Nel documento WEB SEMANTICO: lo stato dell’arte (pagine 133-137)

Architettura a livelli del Web Semantico

3.6 Logica, dimostrazioni, firme digitali e fiducia

Si ritorna ora all’aspetto del Web Semantico relativo a quei futuri obiettivi che esso si pone. Nei prossimi paragrafi si presentano i componenti della piramide tecnologica posti più in alto che rappresentano ciò che gli sviluppatori del WS prospettano per il futuro. Nelle prossime righe non si parlerà più di tecnologie specifiche, ma si parlerà di concetti più generali che potrebbero diventare parte dei nuovi sistemi.

3.6 Logica, dimostrazioni, firme digitali e fiducia

Relativamente a questi ambiti, la documentazione che si trova a riguardo è molto scarsa, dato che questi ambiti nascono dalla visione del Web Semantico di Tim Berners-Lee.

Una panoramica di tutto questo è stata fatta qualche anno fa, presso l’Università de L’Aquila, dalla dott.ssa Antonella Dorati assieme alla prof. Stefania Costantini. [3.36] Nelle righe sottostanti si riporta la parte più significativa del documento, fondendola con gli esempi tratti da un articolo scritto da Aaron Swartz [3.37], i cui riferimenti precisi sono riportati in bibliografia.

L’obiettivo futuro che si pongono gli sviluppatori del WS è quello di realizzare dei sistemi in grado di formulare ogni principio logico e permettere alle macchine di ragionare usando questi principi.

Nell’ ambito della logica si vuole costruire un linguaggio che utilizza questa logica per riuscire a realizzare le inferenze (conclusioni ottenute tramite procedimenti

deduttivi partendo da alcune premesse) tra i molteplici dati, che possono anche essere estratti in maniera automatica, al fine di dare all’utente le effettive informazioni ricercate;

Swartz riporta nel suo articolo un semplice esempio per far capire come intendere queste cose. Si immagini che un’azienda decide che se qualcuno dei suoi agenti riesce a vendere più di 1000 prodotti otterrà un avenzamento di carriera. Un programma “intelligente” che raccoglie tutti gli ordinativi per ogni agente può seguire questa regola: “Se l’agente X ha superato le 1000 vendite, promuovilo al grado di agente di secondo livello.”. Il programma che vede che l’agente Brown ha venduto 1005 prodotti, deduce che Brown è agente di secondo livello.
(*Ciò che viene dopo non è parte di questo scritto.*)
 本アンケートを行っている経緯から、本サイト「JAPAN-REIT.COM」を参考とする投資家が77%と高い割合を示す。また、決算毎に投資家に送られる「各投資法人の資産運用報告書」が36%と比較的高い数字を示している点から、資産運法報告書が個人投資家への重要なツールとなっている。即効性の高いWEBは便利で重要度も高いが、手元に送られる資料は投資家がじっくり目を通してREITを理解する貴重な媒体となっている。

Una volta che si saranno costruiti questi sistemi “logici”, questi potranno essere utilizzati per provare qualcosa. Si vuole cioè che queste informazioni, ottenute come conclusioni della logica, siano valide;

Nell’esempio di Swartz si supponga che dai record di vendita risulti che Brown ha venduto 180 prodotti di tipo A, 390 prodotti di tipo B e 650 prodotti di tipo C. Dalle regole incorporate nel programma si ha che 180+390+650=1220 ed inoltre i prodotti di tipo A, B e C sono tutti prodotti venduti. Inoltre 1220 è maggiore di 1000. Mettendo insieme tutte queste regole logiche in una prova, il programma dimostra che l’agente Brown è un agente di secondo livello.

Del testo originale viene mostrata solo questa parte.